The lensless camera has recently gained popularity. By substituting computing for various parts of the optical system, recent improvements in computing technology can simplify the lens system. Due to image reconstruction computers, the entire lens can be removed, resulting in a lensless camera that is ultra-thin, lightweight, and low-cost. However, the image reconstruction technique has yet to be perfected, resulting in poor imaging quality and a lengthy calculation time for the lensless camera.

Researchers recently devised a new image reconstruction method that reduces computing time while maintaining excellent image quality. A vital member of the research team says, “Without the restrictions of a lens, the lensless camera might be ultra-miniature, allowing novel uses that are beyond our imagination.”

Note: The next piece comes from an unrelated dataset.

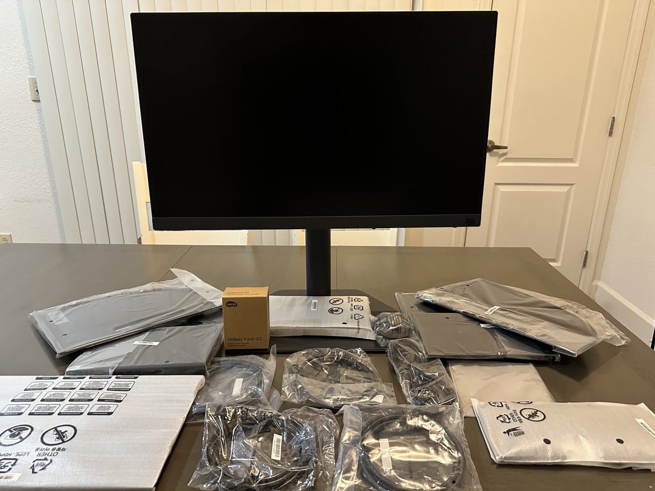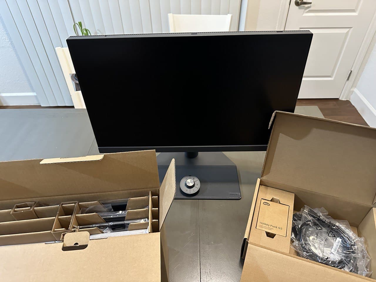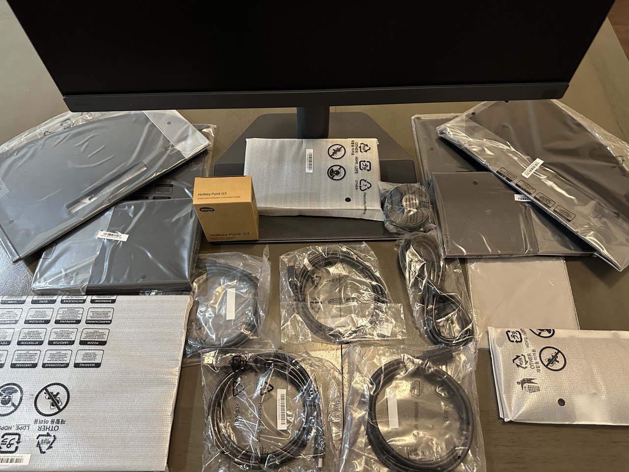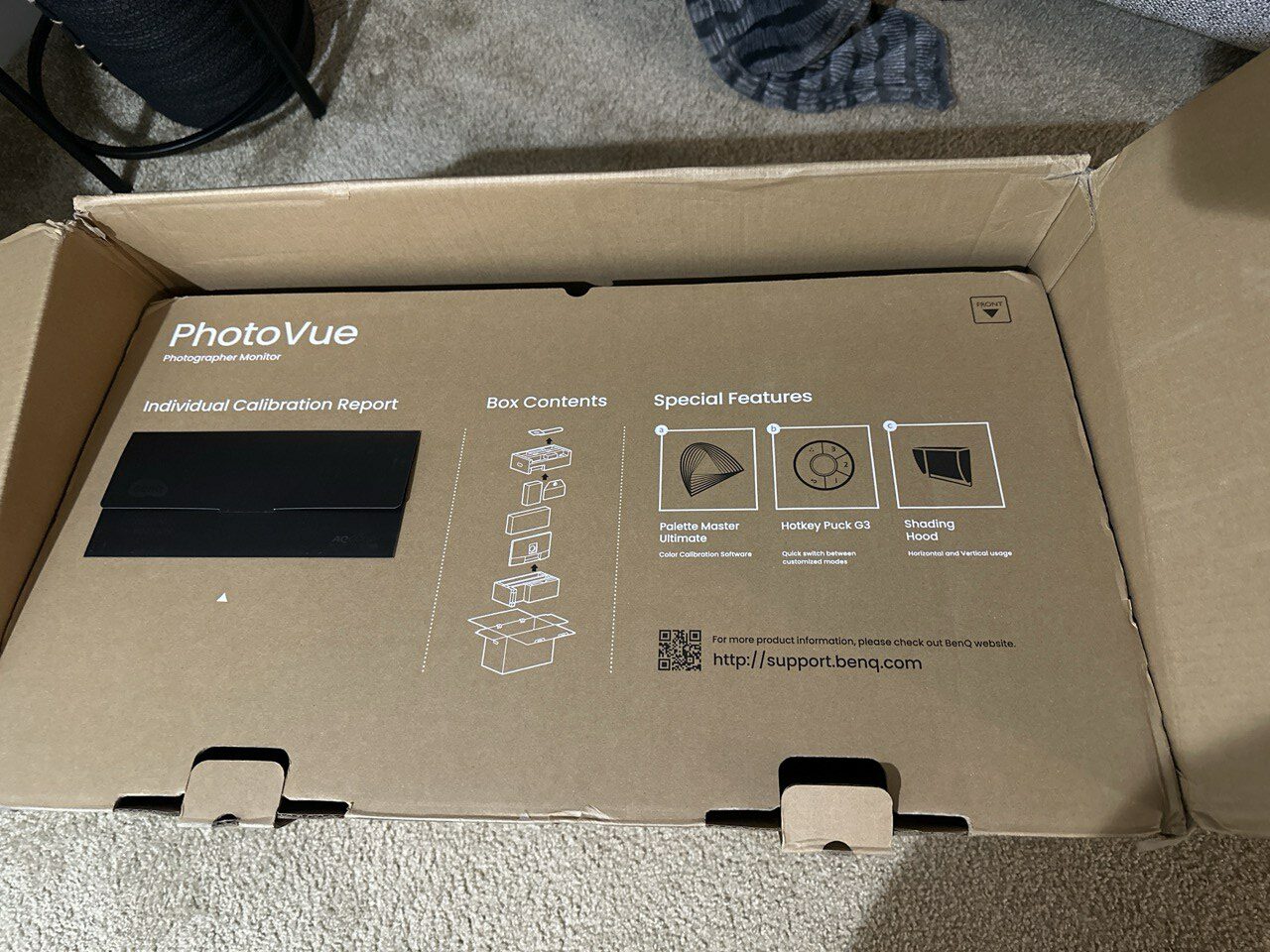 The monitor comes in three main pieces, but it has two accessory boxes and a calibration report neatly tucked into the primary flap of the box. The cables, cleaning cloth, and puck are in one box, while the larger carton holds the calibration hood. It may take a bit of time to get it up and running, but the first unboxing is always a joyous experience for any enthusiast.

The lensless camera’s conventional optical hardware comprises a thin mask and an image sensor. The mask and sensor can be produced combined in established semiconductor manufacturing techniques for future production. The mask optically encodes the incident light, which casts patterns on the sensor. Although the casted patterns are utterly incomprehensible to the naked eye, they can be decoded using explicit knowledge of the optical system. A mathematical procedure is then used to rebuild the image.

A lensless camera with a mask encodes the scene optically with a thin mask and reconstructs the image later. One of the most critical topics in lensless imaging is improving picture reconstruction. Traditional model-based reconstruction methods, which rely on physical system knowledge, are vulnerable to errors in system modeling. Reconstruction using a pure data-driven deep neural network (DNN) removes this constraint, potentially improving reconstruction quality. However, existing pure DNN reconstruction algorithms do not outperform model-based approaches for lensless imaging. In lensless optics, the multiplexing property makes global features critical for understanding the optically encoded pattern.

Furthermore, all available DNN reconstruction methods use convolutional networks (FCNs), which are inefficient global feature reasoning. This analysis proposes a fully connected neural network with a transformer for picture reconstruction for the first time. The proposed architecture improves the reconstruction by improving global feature reasoning. The suggested architecture’s superiority is demonstrated in an optical experiment by comparing it to model-based and FCN-based techniques.


The decoding technique, which is based on picture reconstruction technology, is still difficult. Traditional model-based decoding methods imitate the physical process of lensless optics by solving a “convex” optimization problem to reconstruct the image. This indicates that the reconstruction outcome is sensitive to the physical model’s faulty approximations. Model-based techniques use knowledge of the physical system to recreate the image. A precise pattern is cast on the sensor when using an ideal point light source to illuminate the mask-based lensless system. The point spread function (PSF) is a pattern determined by the physical system.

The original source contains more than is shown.